• The rail line, popularly known as the SGR, was one of the Jubilee government's mega projects which were aimed at helping accelerate economic growth.
• The government said it cost $3.2 billion (Sh360 billion); (Sh419. 84 billion at the current exchange rate) that was largely borrowed from the Exim Bank of China in May 2014.
Hman rights defender and Busia Senator Okiya Omtatah now claims the government lied about the actual cost of constructing the Standard Gauge Railway.
The rail line, popularly known as the SGR, was one of the Jubilee government's mega projects which were aimed at helping accelerate economic growth.
The government said then the SGR project was constructed at a cost of $3.2 billion (Sh360 billion); (Sh419. 84 billion at the current exchange rate) that was largely borrowed from the Exim Bank of China in May 2014.
SGR was to operate express cargo haulage from Mombasa to Nairobi and offer passenger services between the two cities with inter-county service stations at Athi River, Emali, Kibwezi, Mtito Andei, Voi, Miasenyi and Mariakani.
But in a tweet on Tuesday, Omtatah claimed the government was not open with Kenyans on the project cost.
"Contrary to what we have been told, SGR was fully funded by Kenyans to the tune of Sh900 billion," he said.

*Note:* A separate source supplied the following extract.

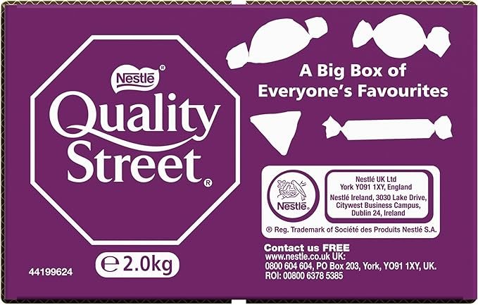 • Quality Street bulk box includes 2 kg of individually wrapped chocolates; the most QUALITY STREET you’ll find anywhere! Contains no artificial colours, flavours or preservative. Box may arrive in alternative packaging

"SGR did not cost Sh360 billion, and no money came from China. We want to know why we are “repaying” a loan for which no single cent came to Kenya," he added.
This is not the first time the activist-cum-politician has claimed Kenyans are servicing loans their government never took.
During a radio interview on June 7, Omtatah claimed Kenyans have overpaid the country's debt obligation by more than Sh1 trillion.
"If you look at the figures, Kenya has overpaid its debt, we do not owe anybody anything. We have overpaid our debt by more than a trillion to two trillion shillings," he said during the interview with Spice FM.
When challenged to explain how that's possible, he said figures show that a comparison of Kenya's outstanding debt and what it has been paying over the years shows that there's an overpayment.
"When we pay they don't subtract from what has been borrowed. They keep taking money from the exchequer purportedly to pay the debt then they don't pay," Omtatah claimed.